SUPPLIED DATA

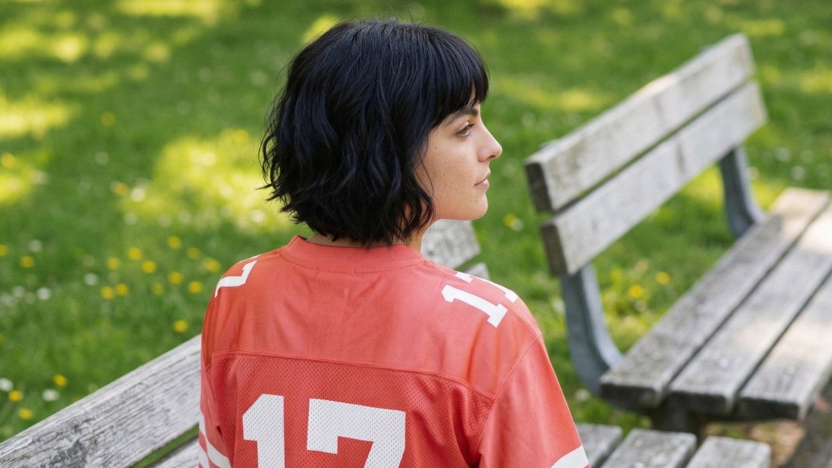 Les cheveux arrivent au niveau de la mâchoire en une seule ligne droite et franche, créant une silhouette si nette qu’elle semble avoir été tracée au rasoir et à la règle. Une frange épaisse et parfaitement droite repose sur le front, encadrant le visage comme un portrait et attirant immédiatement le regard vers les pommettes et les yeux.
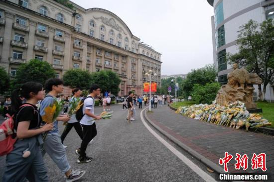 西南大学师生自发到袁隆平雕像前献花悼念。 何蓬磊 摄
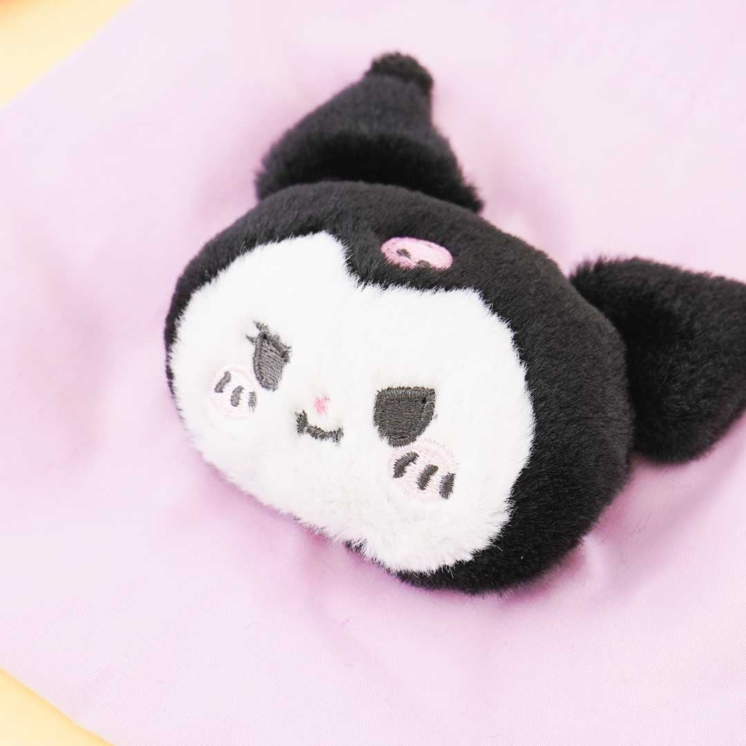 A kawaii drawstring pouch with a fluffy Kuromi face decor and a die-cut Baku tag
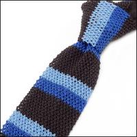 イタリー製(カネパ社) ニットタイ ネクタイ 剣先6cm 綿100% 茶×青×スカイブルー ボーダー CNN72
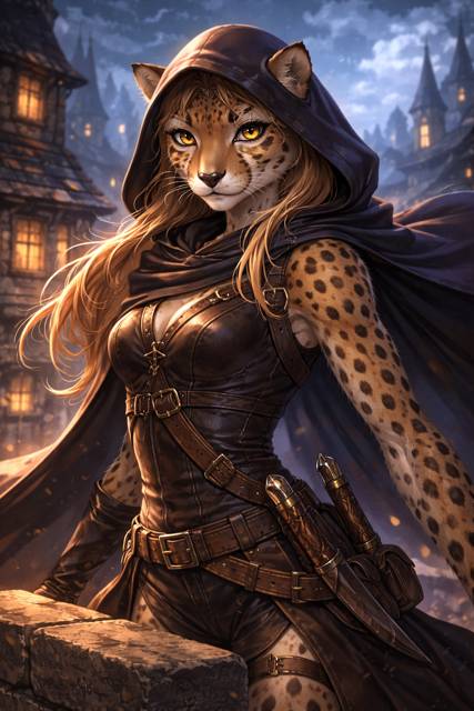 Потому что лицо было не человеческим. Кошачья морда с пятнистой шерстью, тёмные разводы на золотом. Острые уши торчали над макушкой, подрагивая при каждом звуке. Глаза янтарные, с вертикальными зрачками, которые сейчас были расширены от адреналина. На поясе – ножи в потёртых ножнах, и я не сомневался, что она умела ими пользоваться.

INSTRUCTIONS TO FOLLOW
Return the opening line of the data above and every line after it up to and including the line that holds "イタリー製(カネパ社) ニットタイ ネクタイ"; pictures stay out.

WRITTEN RESPONSE
 Les cheveux arrivent au niveau de la mâchoire en une seule ligne droite et franche, créant une silhouette si nette qu’elle semble avoir été tracée au rasoir et à la règle. Une frange épaisse et parfaitement droite repose sur le front, encadrant le visage comme un portrait et attirant immédiatement le regard vers les pommettes et les yeux.
 西南大学师生自发到袁隆平雕像前献花悼念。 何蓬磊 摄
 A kawaii drawstring pouch with a fluffy Kuromi face decor and a die-cut Baku tag
 イタリー製(カネパ社) ニットタイ ネクタイ 剣先6cm 綿100% 茶×青×スカイブルー ボーダー CNN72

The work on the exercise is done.